01/29/2014, 10:23pm CST
By Henricksen | @joehoopsreport

The senior trio are stars, household names nationally in the prep basketball world. But each one did it a little differently en route to McDonald's All-American status.

The state of Illinois has added three more names to its lengthy list of McDonald’s All-Americans: Whitney Young’s Jahlil Okafor, Curie’s Cliff Alexander and Marian Catholic’s Tyler Ulis. 

All three took different roads en route to being selected to play in the prestigious game, which will be April 2 at the United Center in Chicago.

Although it’s an honor worth celebrating and another proud moment in the career of Okafor, the big man was a Burger Boy-in-waiting since the day he entered high school in the fall of 2010. Okafor has been at or near the top of the class nationally since his freshman year, destined to one day be called a McDonald’s All-American.

To Okafor’s credit, however, the early hype didn’t stop his drive or motivation. And Okafor was about as hyped as they come at an early age, so there’s always a chance for a bust or flameout when a player receives that type of attention that early.

“With all the expectations he came into high school with, and all the early accolades he received, it would have been easy to get sidetracked, get caught up in it all,” says Whitney Young coach Tyrone Slaughter of his star. “It speaks to his perseverance. He took a different approach. I think it speaks volumes about him and his ability to stay after it, remain hungry. He didn’t stop working, even after it was established that he had made it [on the national scene.]”

When watching Alexander do his absolutely eye-popping thing now, it’s easy to forget just what he was as a freshman and sophomore –– and how hard he’s worked to get where he is today. 

“That’s the thing people don’t see or realize, just how hard Cliff works,” says Curie coach Mike Oliver. “He’s a relentless worker. He will go play anyone, anywhere at any time.”

Alexander has come so ridiculously far from those raw, somewhat awkward days where potential far surpassed productivity.

As his game came together and his productivity turned to dominance, Alexander soon was in the minuscule percentage of absolutely must-have, program-changing recruits. His confidence grew, his production became more consistent and what he did on the floor left you saying, "There just aren't many of THOSE type of guys around." He was quickly among the nation’s top 10 players in the country by his junior year. 

So while the announcement today that Alexander was a McDonald’s All-American was expected, Big Cliff’s path to this point was quite different than his fellow Chicago Public League big man superstar, Okafor. 
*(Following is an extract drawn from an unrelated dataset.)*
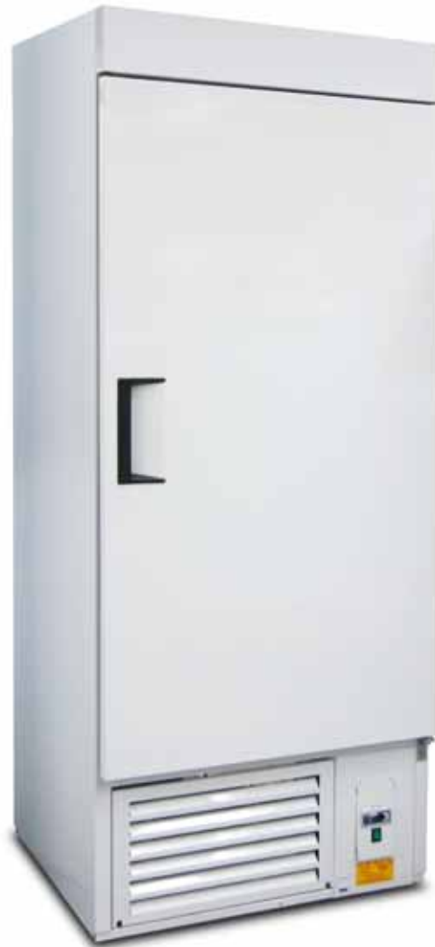
I-Jola P M Gastro*

Oliver knew he had something early on, even though when Alexander walked through the doors as a freshman he had just started playing basketball. But Oliver says he would never have proclaimed Alexander was a future McDonald’s All-American during his freshman year. 

“With his work ethic and just the way he wanted to learn, I told his mother that I thought he would be a high-major college prospect,” says Oliver. “But I wouldn’t have said a McDonald’s All-American. He’s made such a jump in two years.”
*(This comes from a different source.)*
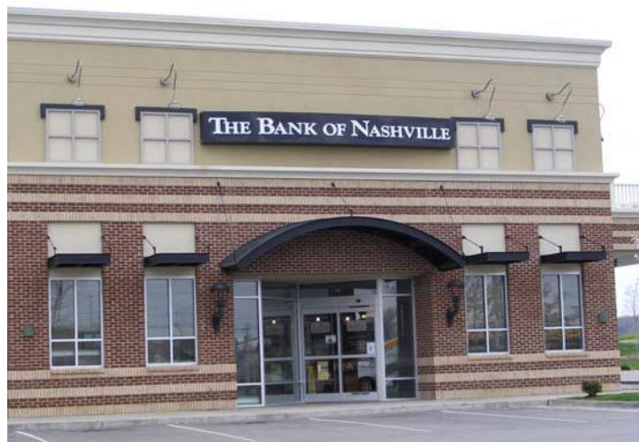
Example of copy and background as integrated unit
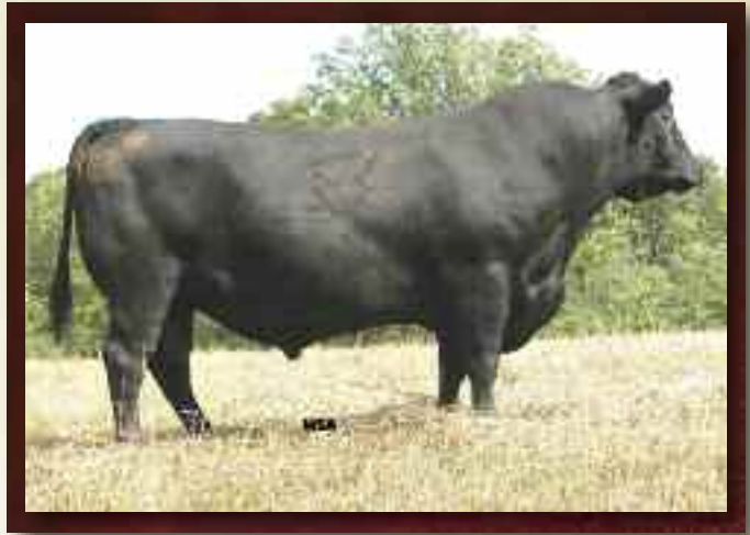
Basin Hobo 649M...Sire of Lots 36-38

Beckton Belga B061 has been our best ET donor. This is a very good footed and uddered Cherokee Canyon daughter. Sells with a bull calf, #1373964, tattoo X658, born 8/5/10, sired by Ref. Sire H: Schuler Envy 7342T. Calf has suffered an injury to one eye.

Then there is the unlikely McDonald’s All-American, the one so many questioned and weren’t sold on as a high-major prospect –– Ulis.

Remember, this is a player who, for the longest time, had difficulty getting high-major coaches to bite. The majority were unable to look past his 5-9 size and accept who he was, which is a truly special player and dynamic point guard –– just in a smaller package and in a less-obvious way when it comes to the look test.

James Ulis, Tyler's father, continued to remind his son that his time would come. 

"We have just always said to Tyler that all he has to do is go out and play the way you play, continue to keep getting better and people will notice," James Ulis told the Hoops Report this past summer.

Ulis continued to always play with a chip on his shoulder as plenty of high-major schools and coaches slow-played him in the recruiting process. There were others that flat-out ignored him. Although Iowa and DePaul offered during his junior year, the majority of high-major programs didn’t pick up interest until the spring and summer, just after his dominating junior season. 

He was barely on the radar of national evaluators, either. For proof, check out any of the top 100 lists just one year ago. Ulis couldn’t be found on a single one. Now, 12 months later, Ulis is a McDonald’s All-American.